Simultaneous manipulation of transcriptional regulator CxrC and translational elongation factor eEF1A enhances the production of plant-biomass-degrading enzymes of Penicillium oxalicum.

作者信息

Zhao Shuai, Mai Rong-Ming, Zhang Ting, Feng Xiang-Zhao, Li Wen-Tong, Wang Wen-Xuan, Luo Xue-Mei, Feng Jia-Xun

机构信息

State Key Laboratory for Conservation and Utilization of Subtropical Agro-bioresources, Guangxi Research Center for Microbial and Enzyme Engineering Technology, College of Life Science and Technology, Guangxi University, Nanning, China.
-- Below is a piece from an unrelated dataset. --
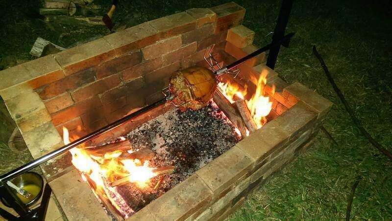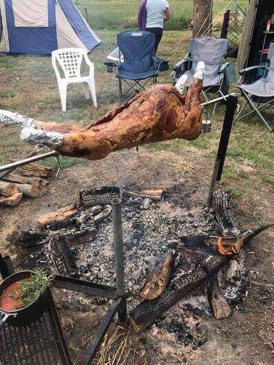 Heavy Duty Portable Camping Spit Roaster- 2 Meter Skewer | Flaming Coals

State Key Laboratory for Conservation and Utilization of Subtropical Agro-bioresources, Guangxi Research Center for Microbial and Enzyme Engineering Technology, College of Life Science and Technology, Guangxi University, Nanning, China.

出版信息

Bioresour Technol. 2022 May;351:127058. doi: 10.1016/j.biortech.2022.127058. Epub 2022 Mar 23.

Abstract

Genetic engineering is an efficient approach to improve fungal bioproducts, but the specific targets are limited. In this study, it was found that the key transcription repressor CxrC of Penicillium oxalicum could physically interact with the translational elongation factor eEF1A that positively regulated the production of plant-biomass-degrading enzymes by the fungus under Avicel induction. Simultaneously deletion of the cxrC and overexpression of the eEF1A in the strain Δku70 resulted in 55.4%-314.6% higher production of cellulase, xylanase and raw-starch-degrading enzymes than that of the start strain Δku70. Transcript abundance of the genes encoding predominant cellulases, xylanases and raw-starch-degrading enzymes were significantly upregulated in the mutant ΔcxrC::eEF1A. The ΔcxrC::eEF1A enhanced saccharification efficiency of raw cassava flour by 9.3%-15.5% at early-middle stage of hydrolysis in comparison with Δku70. The obtained knowledges expanded the sources used as effective targets for increased production of plant-biomass-degrading enzymes by fungi.

摘要

基因工程是提高真菌生物产品的一种有效方法,但具体的靶点有限。在本研究中,发现草酸青霉的关键转录抑制因子CxrC可与翻译延伸因子eEF1A发生物理相互作用,在微晶纤维素诱导下,eEF1A对该真菌植物生物质降解酶的产生具有正向调控作用。在Δku70菌株中同时缺失cxrC并过表达eEF1A,与起始菌株Δku70相比,纤维素酶、木聚糖酶和生淀粉降解酶的产量提高了55.4%-314.6%。在突变体ΔcxrC::eEF1A中,编码主要纤维素酶、木聚糖酶和生淀粉降解酶的基因转录丰度显著上调。与Δku70相比,ΔcxrC::eEF1A在水解的中前期将木薯生粉的糖化效率提高了9.3%-15.5%。所获得的知识拓展了可作为提高真菌植物生物质降解酶产量有效靶点的来源。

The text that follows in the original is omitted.